# PROVIDED RECORDS:
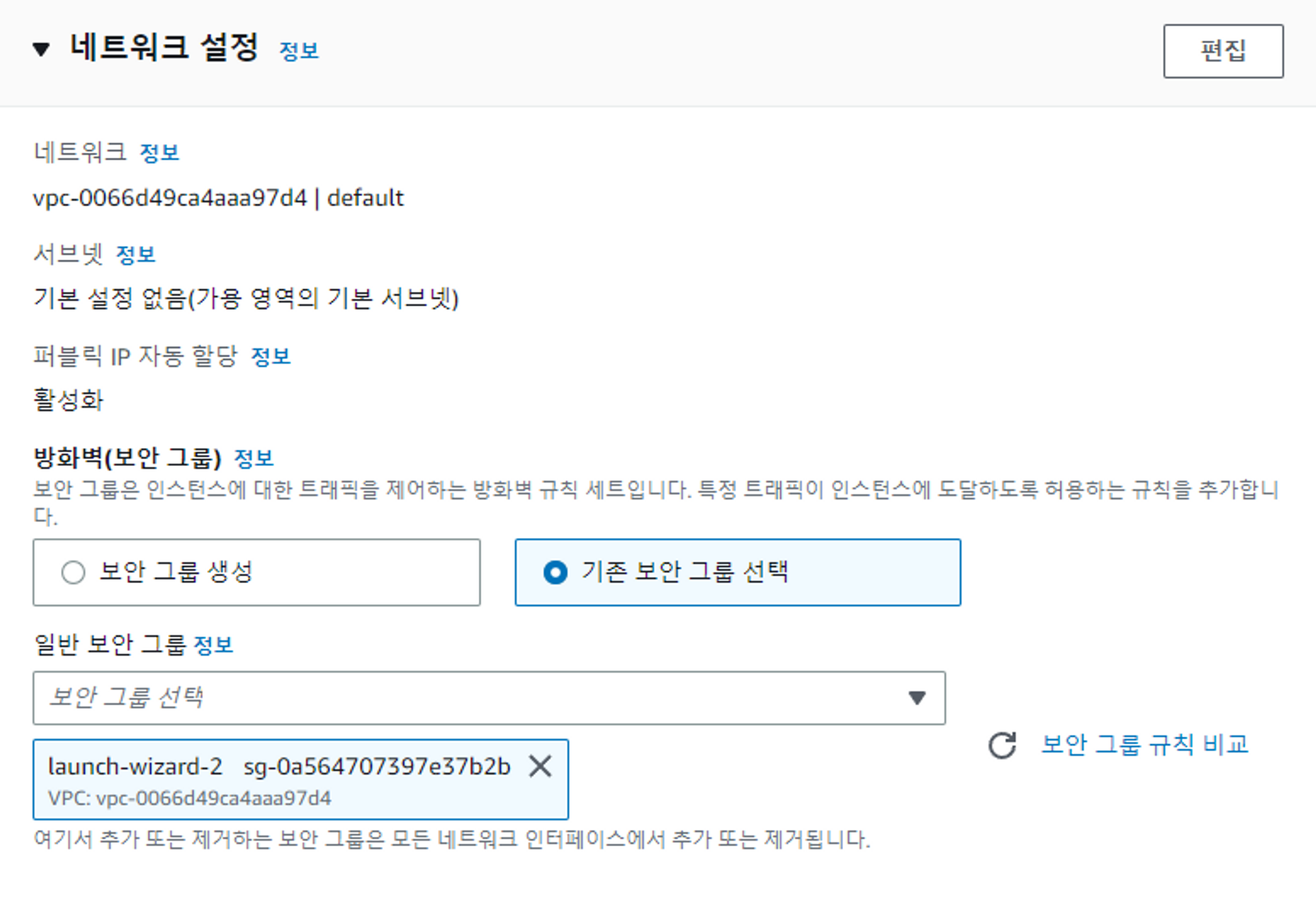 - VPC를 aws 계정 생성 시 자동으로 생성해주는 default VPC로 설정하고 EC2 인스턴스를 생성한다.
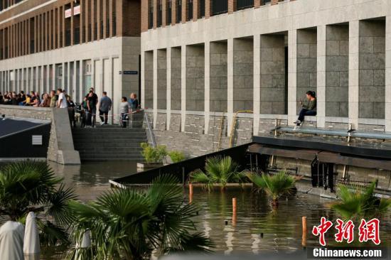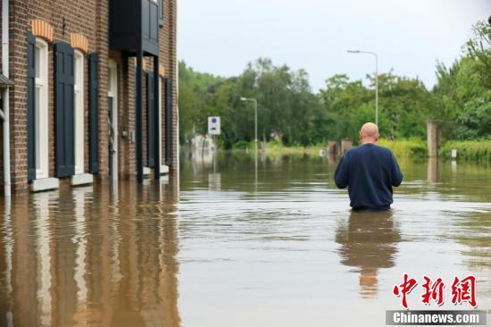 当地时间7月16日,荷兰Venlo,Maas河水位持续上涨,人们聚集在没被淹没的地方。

...

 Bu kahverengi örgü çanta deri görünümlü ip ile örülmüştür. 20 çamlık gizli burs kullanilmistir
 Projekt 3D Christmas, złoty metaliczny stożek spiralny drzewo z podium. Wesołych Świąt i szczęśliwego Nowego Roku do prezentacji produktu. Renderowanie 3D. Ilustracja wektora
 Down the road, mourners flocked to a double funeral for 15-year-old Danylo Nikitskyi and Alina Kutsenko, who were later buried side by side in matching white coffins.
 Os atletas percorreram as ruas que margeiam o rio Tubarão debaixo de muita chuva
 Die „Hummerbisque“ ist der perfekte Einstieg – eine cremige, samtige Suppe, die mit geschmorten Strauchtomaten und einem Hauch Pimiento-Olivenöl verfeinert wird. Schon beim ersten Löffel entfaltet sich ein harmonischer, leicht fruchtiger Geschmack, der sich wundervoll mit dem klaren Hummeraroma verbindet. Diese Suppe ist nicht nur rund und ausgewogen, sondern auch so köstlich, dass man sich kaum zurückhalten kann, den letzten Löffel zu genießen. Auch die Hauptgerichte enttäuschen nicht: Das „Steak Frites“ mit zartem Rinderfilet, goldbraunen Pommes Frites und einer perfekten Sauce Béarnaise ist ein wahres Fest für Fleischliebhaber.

# PROBLEM DESCRIPTION:
Above is a listing; print exactly its lines from the one with "Bu kahverengi örgü" through the one with "Os atletas percorreram", and no other lines.

# RESULT FOR THIS EXERCISE:
 Bu kahverengi örgü çanta deri görünümlü ip ile örülmüştür. 20 çamlık gizli burs kullanilmistir
 Projekt 3D Christmas, złoty metaliczny stożek spiralny drzewo z podium. Wesołych Świąt i szczęśliwego Nowego Roku do prezentacji produktu. Renderowanie 3D. Ilustracja wektora
 Down the road, mourners flocked to a double funeral for 15-year-old Danylo Nikitskyi and Alina Kutsenko, who were later buried side by side in matching white coffins.
 Os atletas percorreram as ruas que margeiam o rio Tubarão debaixo de muita chuva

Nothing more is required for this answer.